Flush the GSD buffer so it is readable in the next code cell. In typical workflows, you will run separate simulation and analysis scripts and the buffered writes will automatically flush when your simulation script exits.

[10]:

gsd_writer.flush()

Reading logged data from a GSD file#

Use the gsd package to open the file:

[11]:

traj = gsd.hoomd.open('trajectory.gsd', mode='r')

The log data for a specific frame is stored in the log dictionary for that frame.

[12]:

traj[0].log.keys()

[12]:

dict_keys(['particles/md/pair/LJ/energies', 'particles/md/pair/LJ/forces'])

GSD prepends particles/ to the logged name of per-particle quantities. The quantities are NumPy arrays with N_particles elements. Here are a few slices:

[13]:

traj[-1].log['particles/md/pair/LJ/energies'][0:10]

[13]:

array([-2.48199661, -2.12335126, -4.00387093, -2.63144287, -2.18554869,
       -2.32050608, -2.02647941, -2.44569987, -2.53925901, -2.40447241])

[14]:

traj[-1].log['particles/md/pair/LJ/forces'][0:10]

[14]:

array([[ -2.79783236,  -1.1447838 ,  -2.29953834],
       [  1.34913891,   2.73176148,  -2.13988326],
       [  3.18757211, -12.6700367 ,  -1.80576571],
       [ -4.70877614,   3.40071066,  -8.78080297],
       [  4.94235545,   6.16337821,  -6.97153234],
       [ -3.2043855 ,   0.18160722,  -1.14755586],
       [-10.73489983,   0.28556186,   4.2747685 ],
       [ -2.20080722,  -1.70941385,  16.53612282],
       [  4.01219479,   1.53498589,   3.94355533],
       [  2.1649503 ,   1.18676842,  -6.51449987]])

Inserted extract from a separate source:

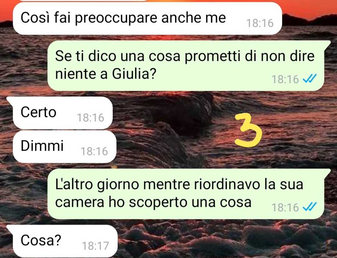 Mi chiamo Anna e sono la mamma di Giulia, una ragazza di 16 anni. Devo dire che non mi ha mai dato particolari problemi, ma con l’entrata nell’adolescenza qualche incomprensione è iniziata. Ultimamente la vedevo strana, diversa. Sapete con i figli, specie di questa generazione non è facile parlare, sono sempre immersi in qualche social, in qualche altra realtà… anche se sono abbastanza giovane mi sembra che tra le nostre generazioni passino delle ere vere e proprie. Comunque l’altro giorno decido di sistemare quel caos che si trova in camera sua e noto che l’anta del suo armadio non si chiude. Credo ci sia qualcosa che la blocca così apro per sistemare e trovo una cosa che mi lascia senza parole. Mi siedo a terra, la guardo e la riguardo e non riesco a darmi una spiegazione… Non so come reagire. La sera stessa non dico nulla, poi lei mi dice che la sera dopo la sua amica Alessia l’ha invitata a dormire da lei. Dico di sì ma alla luce di quello che ho scoperto sono preoccupata. Così scrivo alla mamma di Alessia per assicurarmi che sia davvero lì… E non immaginerete mai cosa è successo dopo…

You can use these arrays as inputs to any computation or plotting tools:

[15]:

numpy.mean(traj[-1].log['particles/md/pair/LJ/forces'], axis=0)

[15]:

array([ 5.03069808e-17,  1.64798730e-16, -2.04697370e-16])

[16]:

fig = matplotlib.figure.Figure(figsize=(5, 3.09))
ax = fig.add_subplot()
ax.hist(traj[-1].log['particles/md/pair/LJ/energies'], 100)
ax.set_xlabel('potential energy')
ax.set_ylabel('count')
fig

[16]:
../../_images/tutorial_02-Logging_02-Saving-Array-Quantities_29_0.svg

As with scalar quantities, the array quantities are stored separately in each frame. Use a loop to access a range of frames and compute time-series data or averages.

This is what the system looks like when you color the particles by the values in particles/md/pair/LJ/energies:

[17]:

render(traj[-1])

[17]:
../../_images/tutorial_02-Logging_02-Saving-Array-Quantities_32_0.png

In this section, you have logged per-particle quantities to a GSD file during a simulation run and accessed that data with a script. The next section of this tutorial demonstrates how to log particle shape information that OVITO can use.